■ What you will do
Find the lines of data that contain the string "dans", then list them.

===== Records provided

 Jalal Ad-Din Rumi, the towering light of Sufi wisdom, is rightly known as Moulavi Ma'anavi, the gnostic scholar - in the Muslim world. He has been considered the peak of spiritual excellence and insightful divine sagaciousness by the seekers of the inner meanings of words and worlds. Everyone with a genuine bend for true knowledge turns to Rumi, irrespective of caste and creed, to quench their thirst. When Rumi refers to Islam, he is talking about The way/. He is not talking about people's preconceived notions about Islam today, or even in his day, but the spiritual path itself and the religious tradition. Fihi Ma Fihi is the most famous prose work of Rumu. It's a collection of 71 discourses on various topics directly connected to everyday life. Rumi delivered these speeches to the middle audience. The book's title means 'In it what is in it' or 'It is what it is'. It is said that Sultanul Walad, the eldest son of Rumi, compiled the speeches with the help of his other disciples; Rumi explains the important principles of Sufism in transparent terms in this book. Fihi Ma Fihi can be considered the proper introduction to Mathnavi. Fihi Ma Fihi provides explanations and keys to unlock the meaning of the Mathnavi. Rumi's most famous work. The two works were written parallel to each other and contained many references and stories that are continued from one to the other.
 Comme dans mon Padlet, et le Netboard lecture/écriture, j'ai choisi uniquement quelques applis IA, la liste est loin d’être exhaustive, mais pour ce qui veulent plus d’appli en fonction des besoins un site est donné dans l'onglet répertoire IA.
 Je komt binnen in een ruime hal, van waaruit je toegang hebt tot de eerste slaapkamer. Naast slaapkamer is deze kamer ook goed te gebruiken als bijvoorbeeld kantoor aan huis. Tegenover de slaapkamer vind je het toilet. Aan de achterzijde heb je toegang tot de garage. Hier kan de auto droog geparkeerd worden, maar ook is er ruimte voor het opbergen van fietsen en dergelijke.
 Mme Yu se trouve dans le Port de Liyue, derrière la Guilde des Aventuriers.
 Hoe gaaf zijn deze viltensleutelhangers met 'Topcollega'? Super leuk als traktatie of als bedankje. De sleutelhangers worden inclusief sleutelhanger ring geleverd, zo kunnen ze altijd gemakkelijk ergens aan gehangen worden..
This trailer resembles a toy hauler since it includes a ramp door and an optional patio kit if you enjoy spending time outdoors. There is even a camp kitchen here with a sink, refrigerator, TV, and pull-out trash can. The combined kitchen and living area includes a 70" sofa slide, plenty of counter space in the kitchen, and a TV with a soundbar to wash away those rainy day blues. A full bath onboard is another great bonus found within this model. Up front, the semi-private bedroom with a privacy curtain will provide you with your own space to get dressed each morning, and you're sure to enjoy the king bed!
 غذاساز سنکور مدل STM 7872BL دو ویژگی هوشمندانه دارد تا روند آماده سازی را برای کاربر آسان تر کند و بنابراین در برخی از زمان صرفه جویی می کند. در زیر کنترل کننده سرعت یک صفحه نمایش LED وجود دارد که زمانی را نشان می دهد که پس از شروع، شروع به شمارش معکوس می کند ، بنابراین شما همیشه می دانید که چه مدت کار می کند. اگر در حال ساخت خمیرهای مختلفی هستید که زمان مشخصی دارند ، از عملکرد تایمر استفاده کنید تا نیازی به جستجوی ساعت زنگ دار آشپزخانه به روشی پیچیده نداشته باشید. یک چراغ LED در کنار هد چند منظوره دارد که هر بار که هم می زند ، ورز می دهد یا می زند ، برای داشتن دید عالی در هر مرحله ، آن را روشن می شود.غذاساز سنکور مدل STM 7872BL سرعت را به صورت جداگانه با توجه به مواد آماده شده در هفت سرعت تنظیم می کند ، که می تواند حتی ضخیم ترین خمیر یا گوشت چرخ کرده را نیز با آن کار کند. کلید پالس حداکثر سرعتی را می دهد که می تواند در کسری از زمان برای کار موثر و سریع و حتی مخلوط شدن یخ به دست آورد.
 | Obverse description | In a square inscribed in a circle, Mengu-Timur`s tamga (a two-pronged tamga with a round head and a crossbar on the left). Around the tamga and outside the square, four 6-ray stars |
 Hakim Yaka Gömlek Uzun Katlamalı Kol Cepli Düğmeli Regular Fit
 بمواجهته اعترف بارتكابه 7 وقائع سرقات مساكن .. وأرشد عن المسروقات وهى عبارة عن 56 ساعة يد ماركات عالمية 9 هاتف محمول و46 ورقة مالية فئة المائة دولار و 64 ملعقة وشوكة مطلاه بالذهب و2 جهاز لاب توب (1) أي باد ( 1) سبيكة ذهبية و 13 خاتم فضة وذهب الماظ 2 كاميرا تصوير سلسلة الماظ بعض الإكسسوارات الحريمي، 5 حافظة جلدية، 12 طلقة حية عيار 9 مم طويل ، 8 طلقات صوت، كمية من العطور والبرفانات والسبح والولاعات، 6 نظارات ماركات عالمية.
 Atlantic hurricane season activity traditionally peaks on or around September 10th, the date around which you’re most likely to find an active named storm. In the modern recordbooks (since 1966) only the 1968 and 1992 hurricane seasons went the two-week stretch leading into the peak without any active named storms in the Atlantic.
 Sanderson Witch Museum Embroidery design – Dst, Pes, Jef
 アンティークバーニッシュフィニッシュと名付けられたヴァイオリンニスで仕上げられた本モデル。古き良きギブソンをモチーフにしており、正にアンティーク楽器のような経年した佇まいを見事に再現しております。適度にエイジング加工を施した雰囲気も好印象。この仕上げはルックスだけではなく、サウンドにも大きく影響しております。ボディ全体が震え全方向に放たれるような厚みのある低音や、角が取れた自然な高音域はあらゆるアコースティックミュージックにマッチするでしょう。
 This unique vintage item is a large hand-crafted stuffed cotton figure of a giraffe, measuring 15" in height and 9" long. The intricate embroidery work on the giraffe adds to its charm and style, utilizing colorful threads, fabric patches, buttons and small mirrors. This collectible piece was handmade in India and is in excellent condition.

==========

■ Your solution
 Comme dans mon Padlet, et le Netboard lecture/écriture, j'ai choisi uniquement quelques applis IA, la liste est loin d’être exhaustive, mais pour ce qui veulent plus d’appli en fonction des besoins un site est donné dans l'onglet répertoire IA.
 Mme Yu se trouve dans le Port de Liyue, derrière la Guilde des Aventuriers.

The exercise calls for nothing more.